The Basics Of Scalp Trading PDF Print E-mail
Written by Ben Tippen   
Saturday, 02 October 2010 15:42
Scalp Trading is a word that is tossed around a great deal when you hear day traders speak but actually scalp trading is a certain technique of day trading. It is a form that consists of a large frequency of order tickets with a earnings target of only a small amount of pennies. The return occurs from the size of the orders. A typical scalp investor at a lot of of the Proprietary Trading Firms employs approximately 5,000 and 15,000 shares per position with the even larger investors going up to two hundred thousdand shares for every position.

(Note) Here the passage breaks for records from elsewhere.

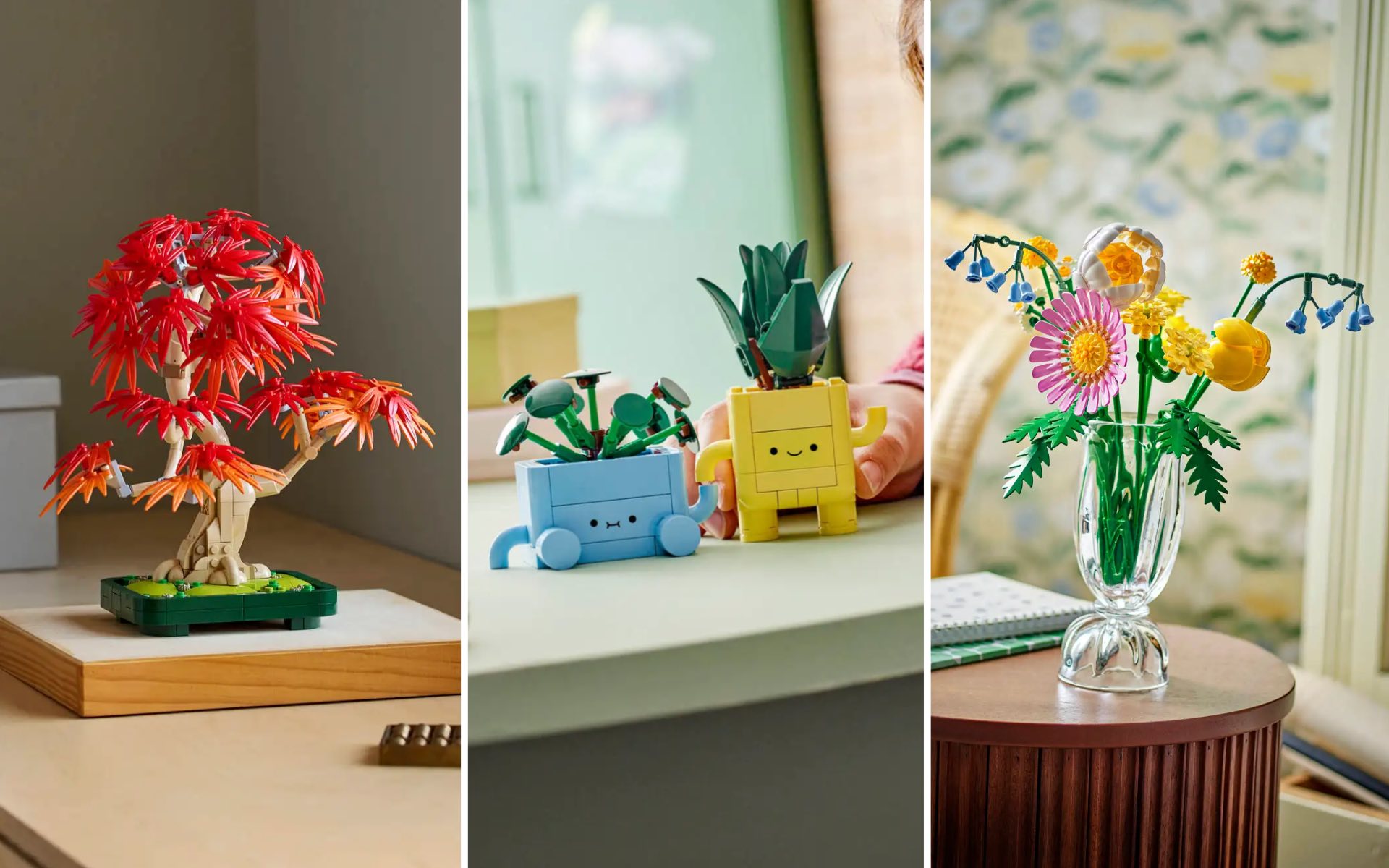 Kostičkové květinářství dál roste jako z vody. LEGO ukázalo nové kytice, bonsaj i veselé rostlinky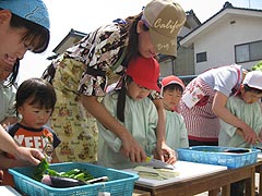 5月18日(火)園庭で年長組がバーべキューをしました。 役員のお母さんについてもらい、材料の野菜を切る体験 もしました。みんなで食べる本格炭火バーベキューは 格別だったようです。 |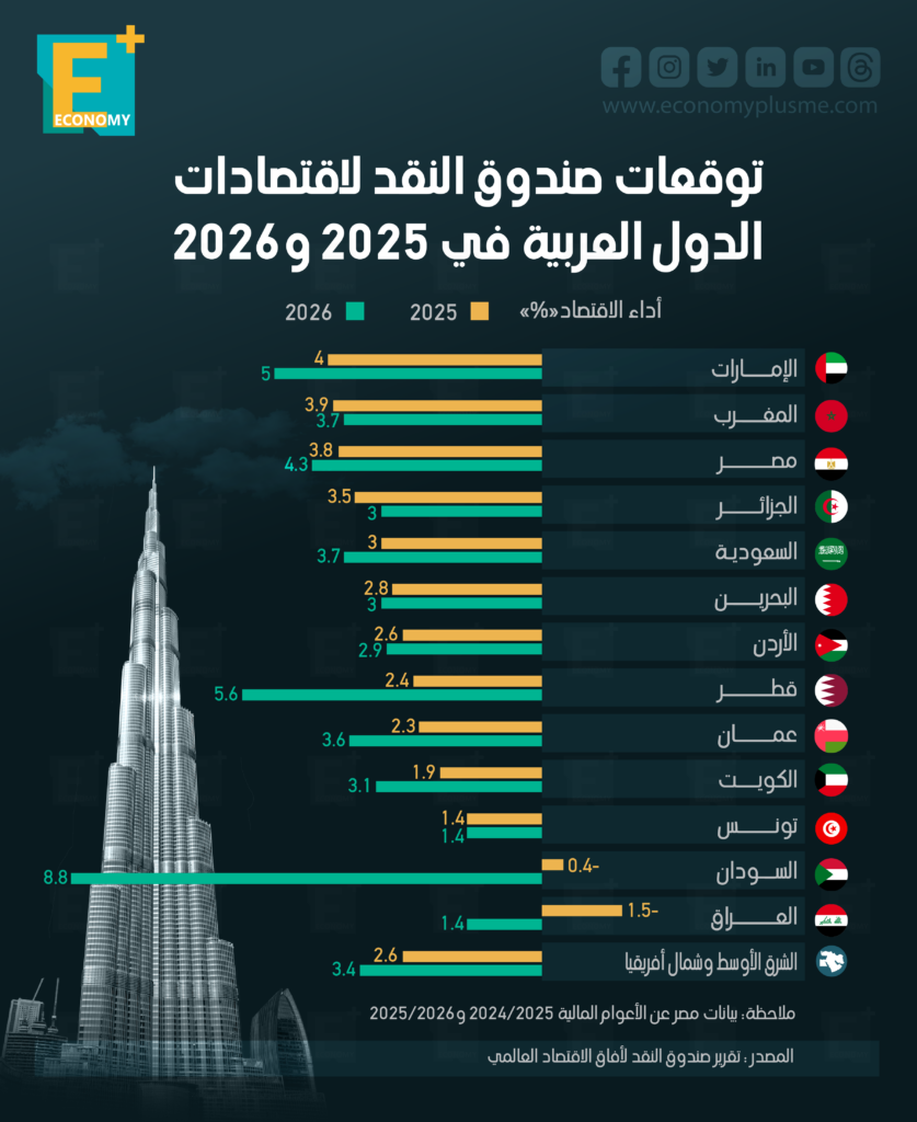 "صندوق النقد" يرفع توقعاته لنمو اقتصاد مصر للعامين الماليين الحالي والمقبل.. الكويت تدرس تحويل ودائع بـ4 مليارات دولار في مصر إلى استثمارات مباشرة
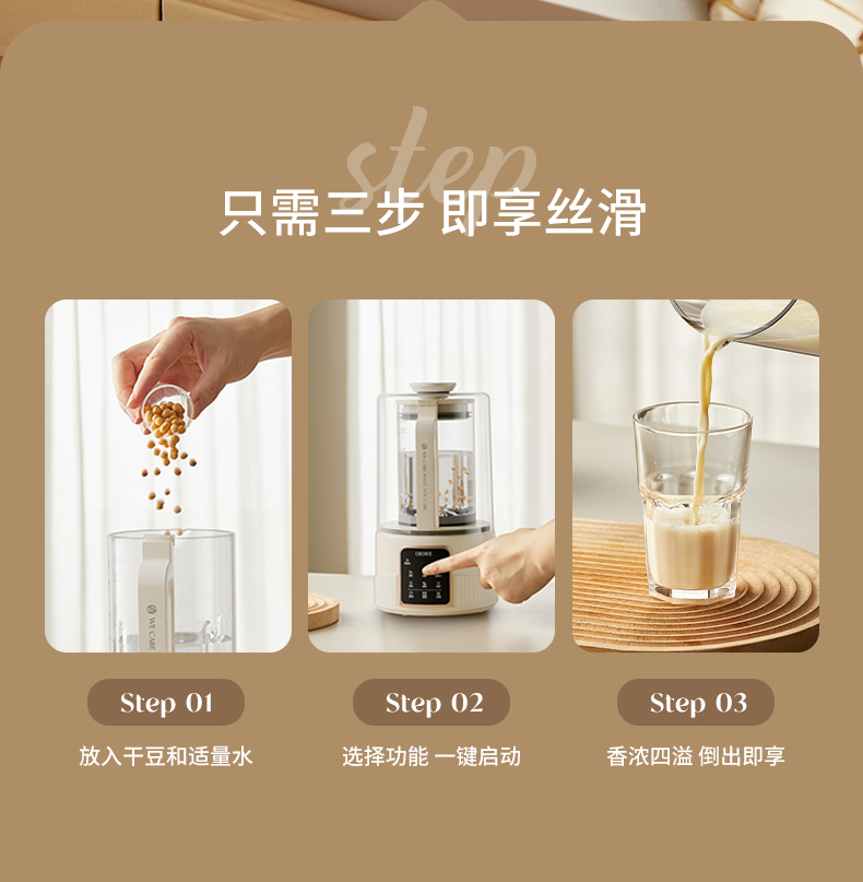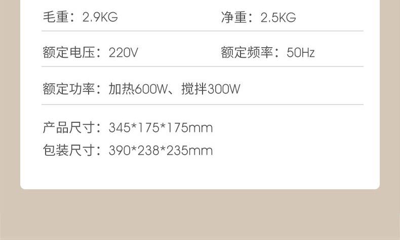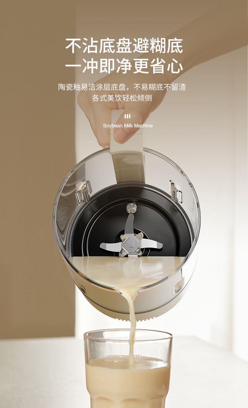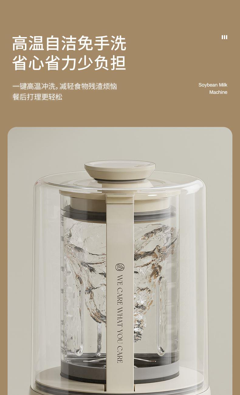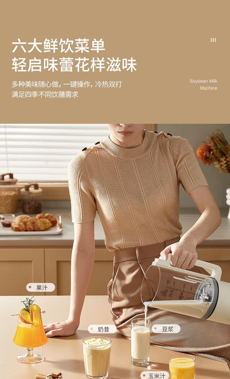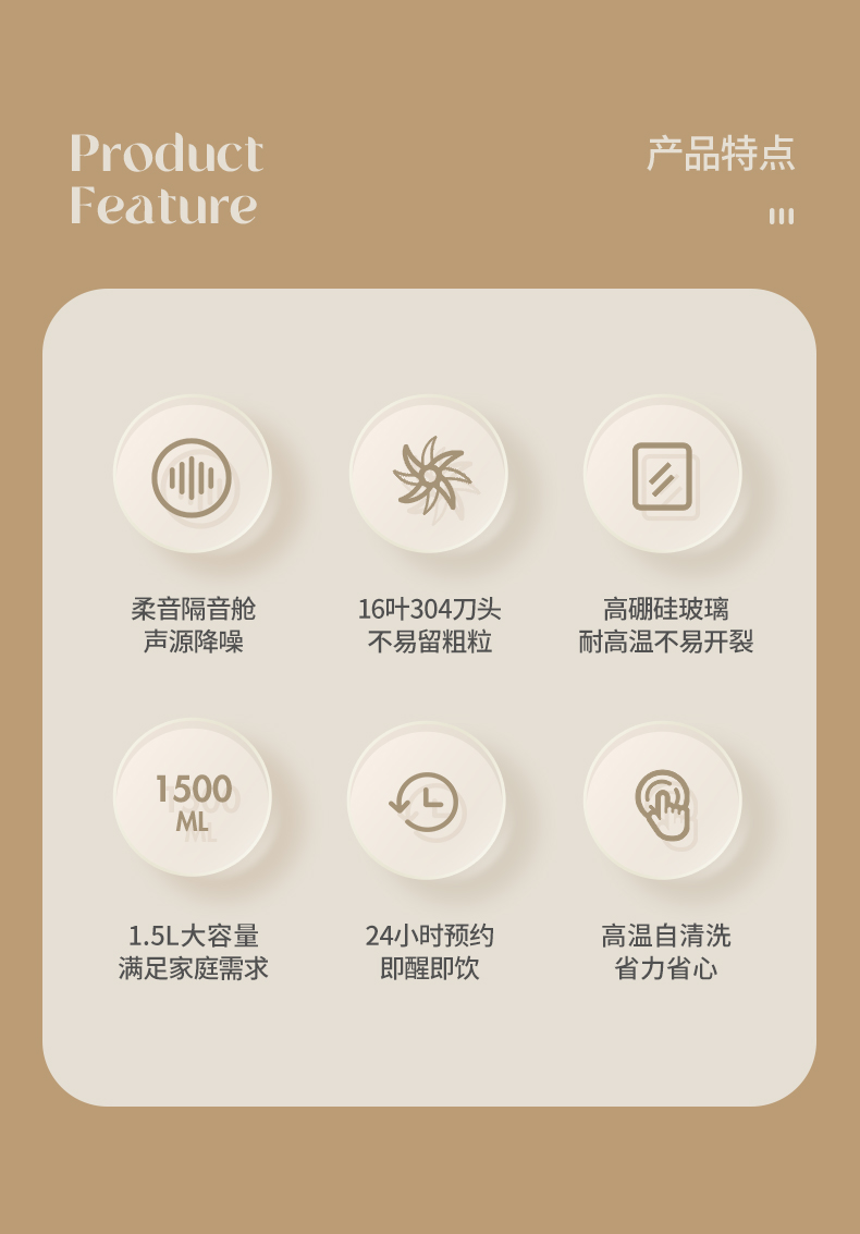 主要材质:PP+高硼硅玻璃+不锈钢 电压:220V 功率:加热600W搅拌300W 容量:1.5L 1、1.5L大容量(冷1.3L/热1L),满足用户四季需求 2、高硼硅玻璃杯体,骤冷骤热不易开裂 3、陶瓷釉不沾涂层发热盘,清洗方便糊底 4、24小时预约,尽享美味 5、柔音隔音罩,物理降低噪音 6、高温清洗功能,省心方便 7、16页不锈钢刀组,有效绞打食材

This type of investing is not necessarily usually carried out by retail investors on retail accounts for a couple of main reasons, great price structure and exclusive order routes.
by BenTippen


Scalp Trading is a word that is thrown about a great deal any time you hear day traders talk but really scalp trading is a unique approach of day trading. It is a style that consists of a substantial frequency of order tickets utilizing a earnings target of only a few cents. The profit comes from the size of the orders. A typical scalp investor at almost all of the Proprietary Trading Firms utilizes among 5,000 and 15,000 shares for every position with the greater investors going upwards to 200,000 shares for each trade. This method of trading is not usually done by retail traders on retail accounts for two major motives, excellent cost structure and unique order routes.

The commission framework which the common retail broker offers you is too pricy for this style to be feasible. Most retail brokers may offer you $6 to $7 per one thousand share trade with the better bargains close to $5. A scalp trader needs to be capable to earn money from merely a 1 penny move. So even with the best retail deal of five dollars, a 1 penny move would make you $10 but would cost you ten dollars ($5 to acquire and $5 to get rid of) in commissions which would leave you $0 net profit. At a Proprietary Trading Firm, investors can easily get a commission structure anywhere from 30 cents to $1 per 1000 shares. Now if you do perform the sum: a 1 penny move with 1000 shares grosses $10 however will simply cost you 60 pennies to $2 which of course gives you a more desirable net profit margin.



This takes us to ECNs and who we should be routing your orders through. If you add liquidity to the order book additionally recognized as the level 2 then ordinarily the ECN you sent to will give you a kickback. Having said that, if you remove liquidity from level 2, the ECN will charge you. You may perhaps be contemplating exactly what does it necessarily mean to take or add liquidity? Well as an analogy; imagine you intend to acquire a car. You open a auto trader magazine. In the front section of the journal are adverts from individuals who would like to acquire automobiles. These people are detailing the mileage and value they are ready to spend. Now in the back section of the magazine are folks advertising autos for sale. Well you may be questioning why don't the individuals in the front part of the journal call the folks in the back segment of the journal? This is because there is a variation in price amongst what the buyers wish to buy at and the sellers intend to sell at. Now these individuals whom have put these adverts in this car journal are all adding liquidity. The persons whom read the magazine and ultimately either sell their automobile to one of the purchasers or acquire a automobile from one of the sellers are removing liquidity. This is actually how the stock market works and the left side of the level 2 screen is like the front section of the car journal and is referenced to as the "BID". The right side of the level 2 screen is like the back segment of the auto journal and is referenced to as the "ASK" or "OFFER".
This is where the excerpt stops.